Of course, it is not the same. This shopping center has sun and outdoor dining, including a very nice salad place where I had lunch, a Burger King and a parking lot (just like California), but its public goods are important and visible, a kitschy outdoor Greek theater (with classical statues and a Mahatma Gandhi), a planetarium and an aquarium, a street car station. But the cars in the lot are smaller. The atmosphere less blatantly affluent. From the train, I saw apartment buildings rather than single family houses. What it does have is the same celebration of good weather and the same feeling of middle class leisure.
Returning to the center, again by streetcar, I got off at the Port Marianne stop facing a modern building and a Kaufman & Broad showroom, a southern California builder, for whom my father did some consulting engineering work in the 1970’s. I was told that Kaufman & Broad is active all over France. Beyond it, the neighborhood, the open space, and the city hall overlooking the Lez River were strikingly beautiful. While cultivated Frenchmen (including most of my friends) prefer their country houses and elegant, or at least antique, Paris (or Bordeaux) apartments, a sunny style of modern apartment living is better, for many, than old darkened houses on narrow village streets (or carless, narrow, Montpellier streets). There is a reason for suburban living, and Montpellier is producing a higher-density version of it.

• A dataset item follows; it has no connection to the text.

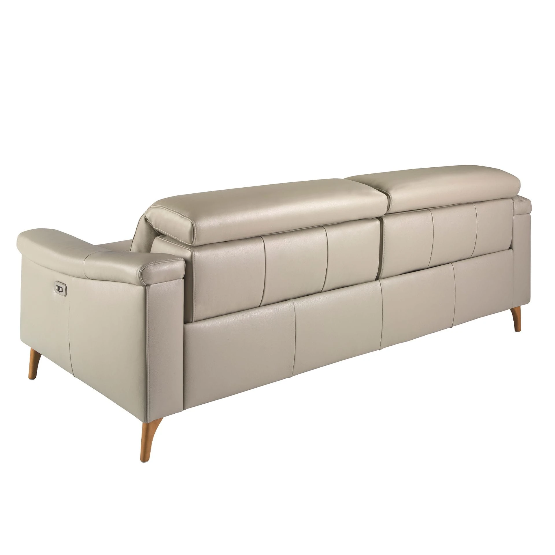 Minimalistyczna forma, miękka skóra w eleganckim odcieniu taupe oraz perfekcyjnie wyprofilowane siedziska tworzą harmonijną całość, która zachwyca prostotą i komfortem. Dzięki elektrycznie sterowanym funkcjom relaksu oraz regulowanym zagłówkom, sofa pozwala na idealne dopasowanie do chwili odpoczynku czy wieczoru z książką. Subtelne, metalowe nogi nadają bryle lekkości i współczesnego charakteru, podkreślając nowoczesną estetykę mebla. To doskonała propozycja dla osób, które cenią sobie wysoką jakość wykonania, wygodę i ponadczasową elegancję.

On the second trip, north and east, I saw again, an older 19th-20th century city, this time with some houses, outside the old city. This gave way again, to newer offices and apartments, less striking than some I had seen on the westerly route. What was impressive, in this direction, was the university and hospital buildings. Montpellier has retained its intellectual tradition, and an Irish passenger next to me confirmed that it is a major medical center. My map shows a number of hospital and university buildings on the north side of the city. This one is apparently brand new.
Only at the outer stops did I see what I had not seen previously. A banlieue of deteriorated contemporary housing, populated almost exclusively by middle eastern immigrants. Elsewhere in the city, everybody appears to mix with ease.